#Pdf Image-Based Comparison
This is a simple app which:
- Takes 2 PDF inputs
- Splits each of these into individual pages, creating a PNG image for each input page
- Compares these page images between the documents
- Outputs images, thumbnails and a json file with "scores" in to disk
- Writes the location of the json results file to stdout (to
Console.WriteLine
)
This experiment leans heavily on the fabulous Magick.Net Nuget package (which itself relies heavily on the fabulous ImageMagick, along with GhostScript to provide PDF rendering).
To use:
PdfComparison.exe [prefix_for_output_folder] [path_for_output] [path_to_pdf_a] [path_to_pdf_b]

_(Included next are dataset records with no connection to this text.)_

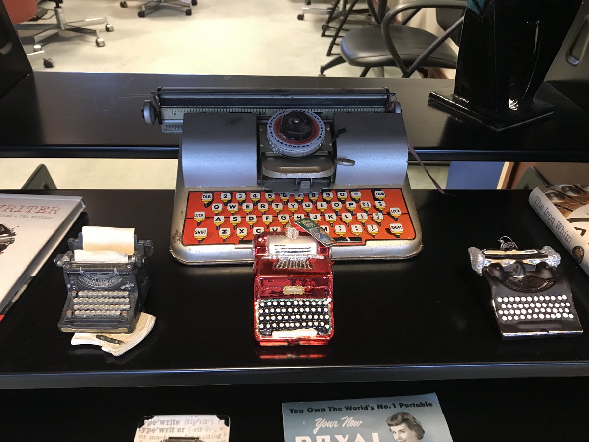 Today's photo fun: @RoyPeterClark has his typewriter collection on display in the library. We love the tiny ones best.pic.twitter.com/IIUQk7bZ1B
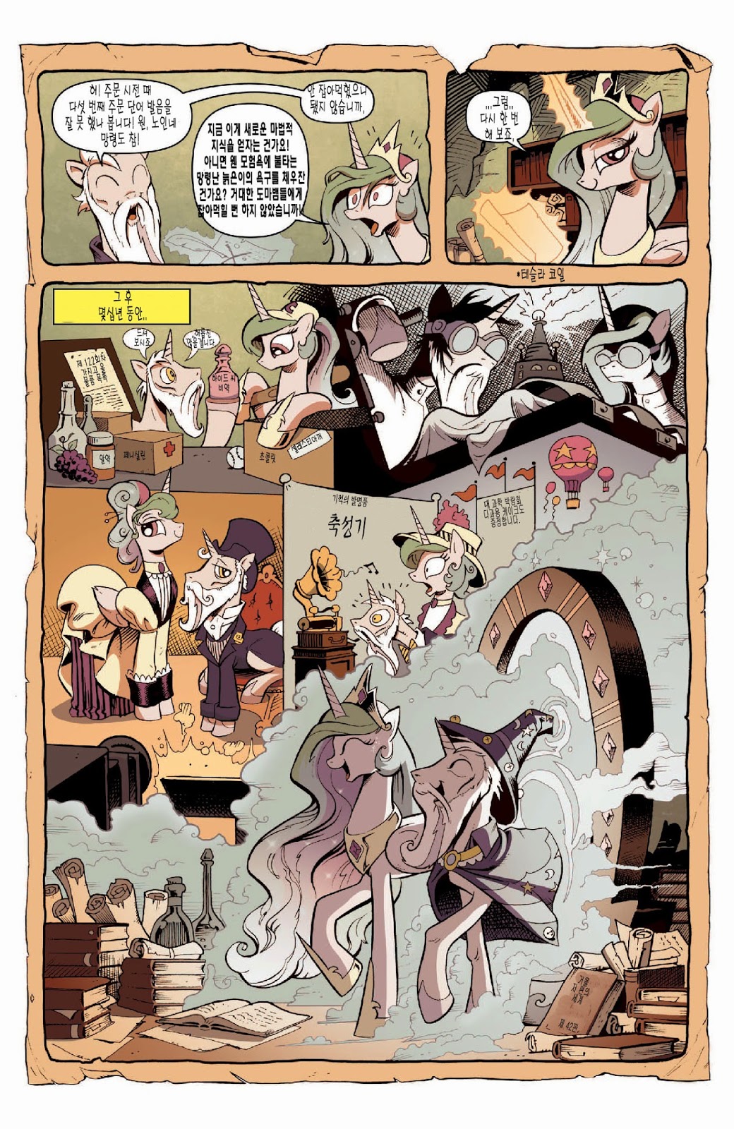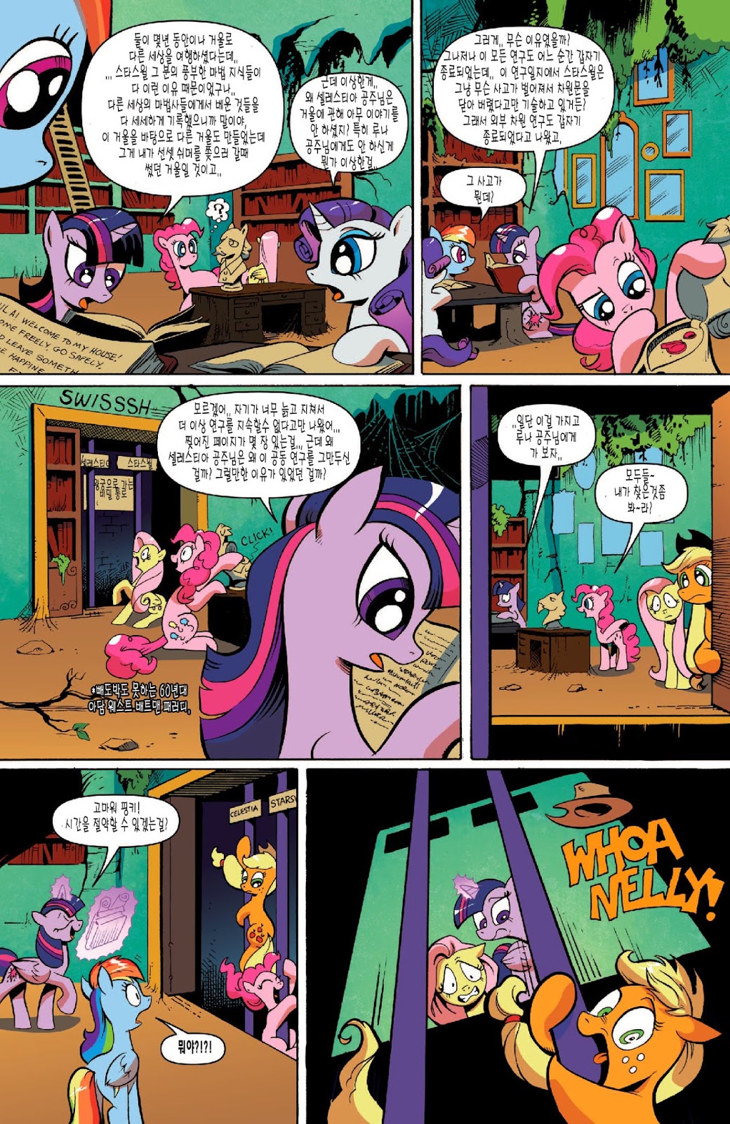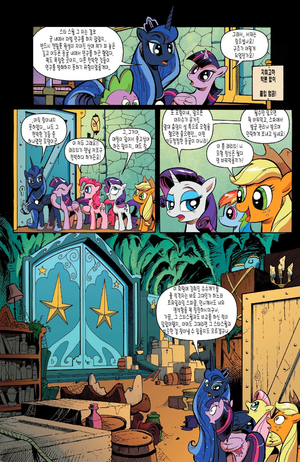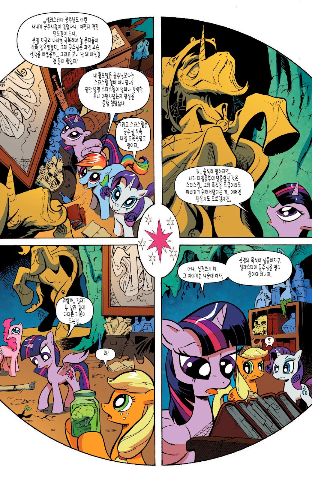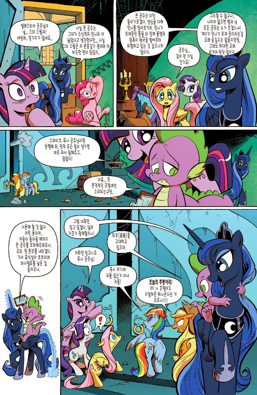 답지 않은 심각한 전개가 일품인 도입부였습니다. 트와일라잇의 자아성찰과, 지금껏 배경 소재로만 나오고 별 설정이 없었던 수염 난 스타스윌의 인상깊은 등장이 볼거리였죠. 아직은 미숙한 군주인 셀레스티아를 루나보다 먼저 달로 갈 각오를 하고 크게 질책하는 소신있는 충신의 모습에 꽤 인상 깊었습니다.
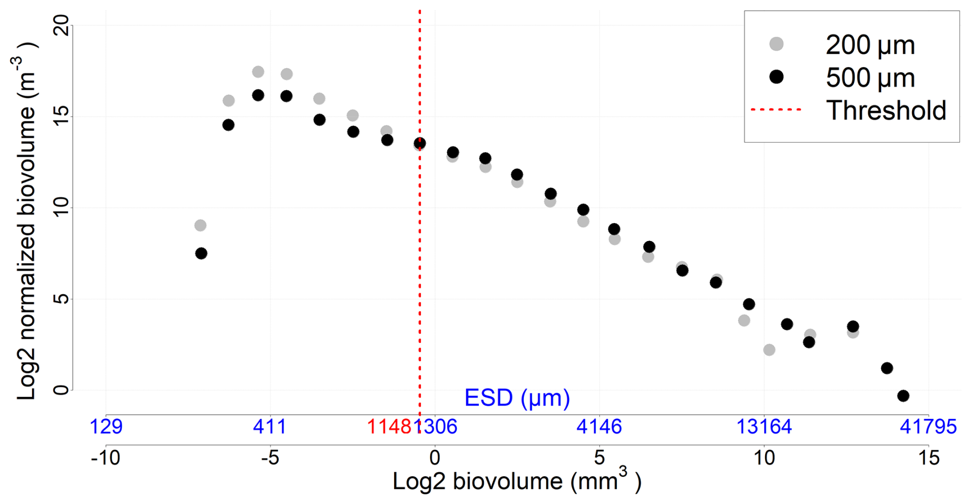 (2) log 2 Zooplankton biovolume ( mm 3 m - 3 ) Interval of each class size ( Δ volume mm 3 )
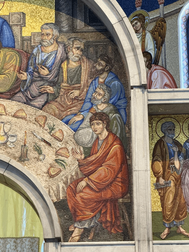 圣马可教堂中米尔雅娜·米利奇创作的马赛克作品(右侧橙色人像部分)
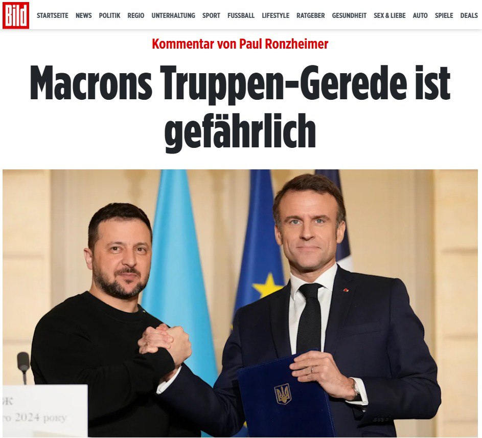 Заместитель главного редактора немецкого таблоида Bild Пауль Ронцхаймер считает, что президент Франции Эмманюэль Макрон своими заявлениями о посылке в Украину западных войск сильно навредил Киеву.

Example json output for 2 single file PDFs compared:
{
"TestDocumentPath": "C:\\Users\\Stuart\\Downloads\\BritishAthletics-Groupon-8B123B4.pdf",
"ReferenceDocumentPath": "C:\\Users\\Stuart\\Downloads\\BritishAthletics-Groupon-8A123C4.pdf",
"PageComparisons": [
{
"RootPath": "\\\\STU7\\Temp\\BritAth_16_03_27_19_04_20",
"PageNumber": 1,
"PixelCount": 8699840,
"ComparisonScore": 80607.0,
"TestPagePath": "\\\\STU7\\Temp\\BritAth_16_03_27_19_04_20\\test\\Page0001.png",
"TestPageThumbnailPath": "\\\\STU7\\Temp\\BritAth_16_03_27_19_04_20\\test\\Thumb0001.png",
"ReferencePagePath": "\\\\STU7\\Temp\\BritAth_16_03_27_19_04_20\\reference\\Page0001.png",
"ReferencePageThumbnailPath": "\\\\STU7\\Temp\\BritAth_16_03_27_19_04_20\\reference\\Thumb0001.png",
"ComparePagePath": "\\\\STU7\\Temp\\BritAth_16_03_27_19_04_20\\result\\Page0001.png",
"ComparePageThumbnailPath": "\\\\STU7\\Temp\\BritAth_16_03_27_19_04_20\\result\\Thumb0001.png"
}
],
"ComparisonScore": 80607.0,
"PixelCount": 8699840,
"CountPagesWithDifferences": 1,
"CountPages": 1
}
Further experiments may follow - e.g. considering the use of Apache.PdfBox for text comparison.
#License
This code is licensed openly - please consider it as MsPL
The libraries used - including Magick.Net, ImageMagick and GhostScript all have their own licensing - please be especially aware of GhostScript's AGPL license.